Content starts
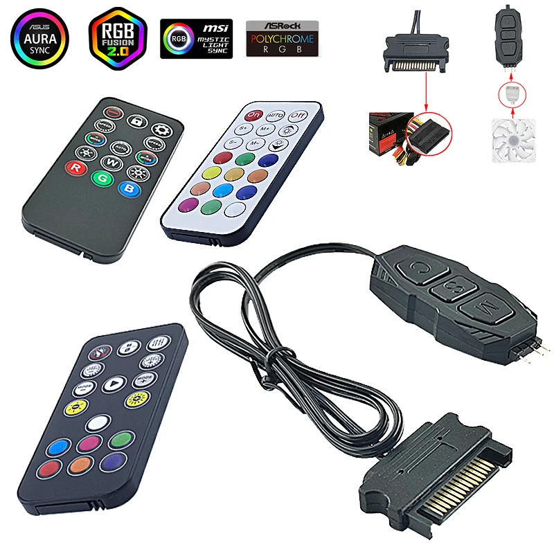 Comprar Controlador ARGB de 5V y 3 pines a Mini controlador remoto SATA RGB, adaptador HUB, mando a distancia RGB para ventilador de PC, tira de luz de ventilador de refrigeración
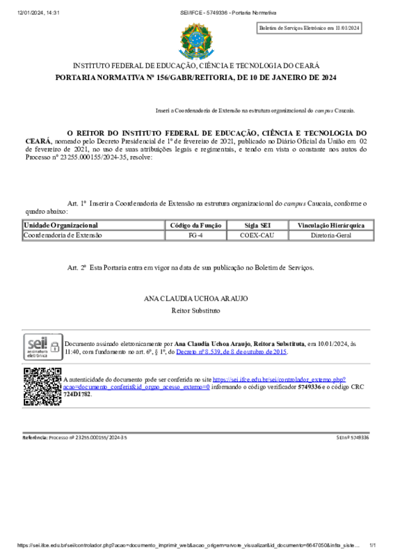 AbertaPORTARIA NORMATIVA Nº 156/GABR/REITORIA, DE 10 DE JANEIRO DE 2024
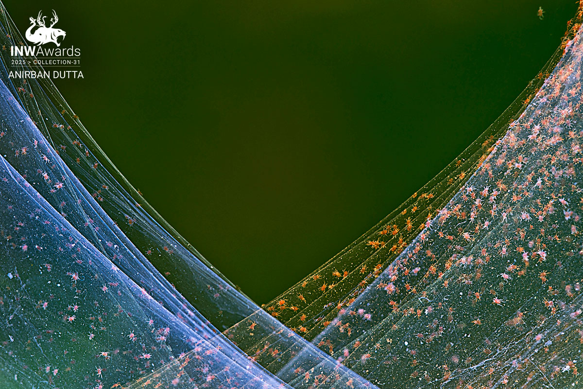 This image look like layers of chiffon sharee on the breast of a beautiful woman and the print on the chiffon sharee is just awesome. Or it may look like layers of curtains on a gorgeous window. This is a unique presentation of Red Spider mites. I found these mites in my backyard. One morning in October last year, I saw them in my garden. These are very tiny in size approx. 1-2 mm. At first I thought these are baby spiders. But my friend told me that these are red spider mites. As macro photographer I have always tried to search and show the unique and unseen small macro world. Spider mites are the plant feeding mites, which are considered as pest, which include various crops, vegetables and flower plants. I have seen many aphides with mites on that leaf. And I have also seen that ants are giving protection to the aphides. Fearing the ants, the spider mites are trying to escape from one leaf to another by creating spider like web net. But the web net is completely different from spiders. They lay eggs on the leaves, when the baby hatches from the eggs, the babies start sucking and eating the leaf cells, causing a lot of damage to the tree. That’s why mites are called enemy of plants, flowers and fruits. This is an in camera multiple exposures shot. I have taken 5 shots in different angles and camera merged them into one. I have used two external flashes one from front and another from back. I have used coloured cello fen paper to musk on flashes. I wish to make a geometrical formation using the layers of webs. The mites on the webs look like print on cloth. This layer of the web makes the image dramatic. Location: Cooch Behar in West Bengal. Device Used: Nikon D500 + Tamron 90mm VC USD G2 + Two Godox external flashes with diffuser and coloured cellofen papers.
Content ends
Content starts
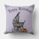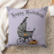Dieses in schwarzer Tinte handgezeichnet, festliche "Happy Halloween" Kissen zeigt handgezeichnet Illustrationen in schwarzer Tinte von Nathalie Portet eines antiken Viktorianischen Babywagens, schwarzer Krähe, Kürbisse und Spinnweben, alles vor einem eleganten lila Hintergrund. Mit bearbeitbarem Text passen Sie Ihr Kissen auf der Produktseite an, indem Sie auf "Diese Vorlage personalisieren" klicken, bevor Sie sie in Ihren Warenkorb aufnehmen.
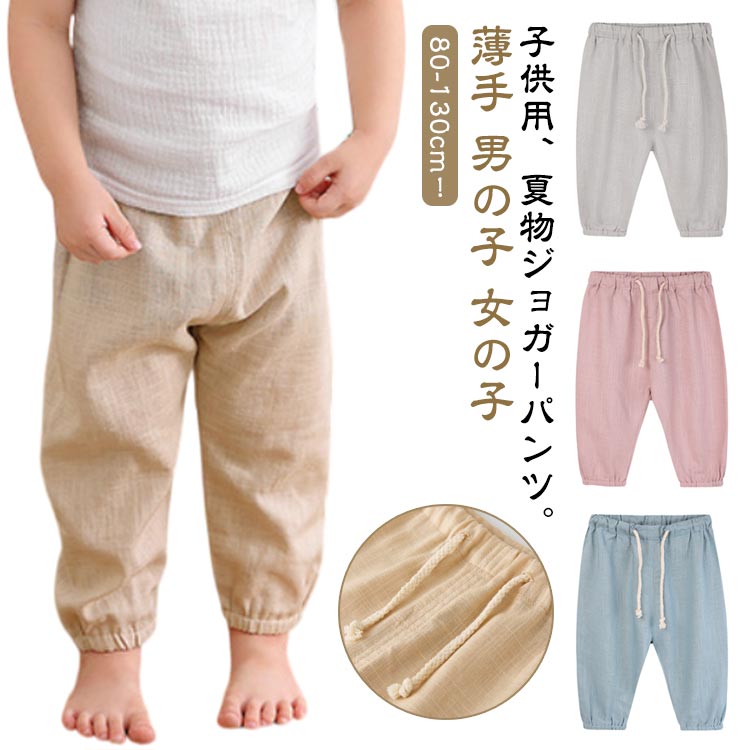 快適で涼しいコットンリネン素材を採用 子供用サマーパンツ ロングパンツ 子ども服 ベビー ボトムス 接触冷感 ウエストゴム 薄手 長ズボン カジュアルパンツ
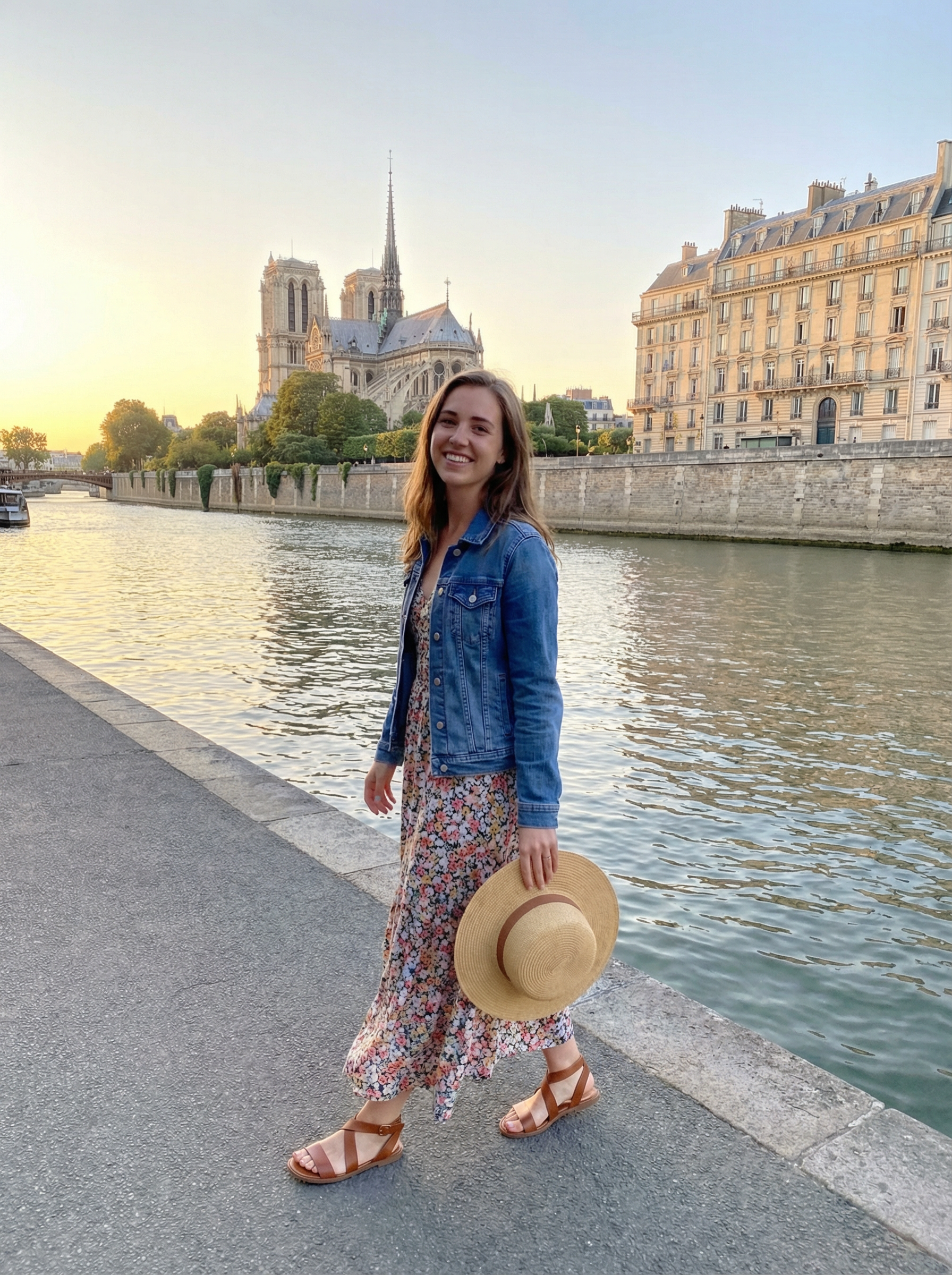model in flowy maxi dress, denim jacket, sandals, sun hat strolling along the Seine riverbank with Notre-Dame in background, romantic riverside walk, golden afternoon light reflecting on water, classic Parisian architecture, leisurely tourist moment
Content ends
## Problem description
Please transcribe exactly the part of the records that opens with the line containing "Comprar Controlador ARGB" and closes with the line containing "AbertaPORTARIA NORMATIVA Nº", both ends included, and leave out the pictures.

## Reply to the task
 Comprar Controlador ARGB de 5V y 3 pines a Mini controlador remoto SATA RGB, adaptador HUB, mando a distancia RGB para ventilador de PC, tira de luz de ventilador de refrigeración
 AbertaPORTARIA NORMATIVA Nº 156/GABR/REITORIA, DE 10 DE JANEIRO DE 2024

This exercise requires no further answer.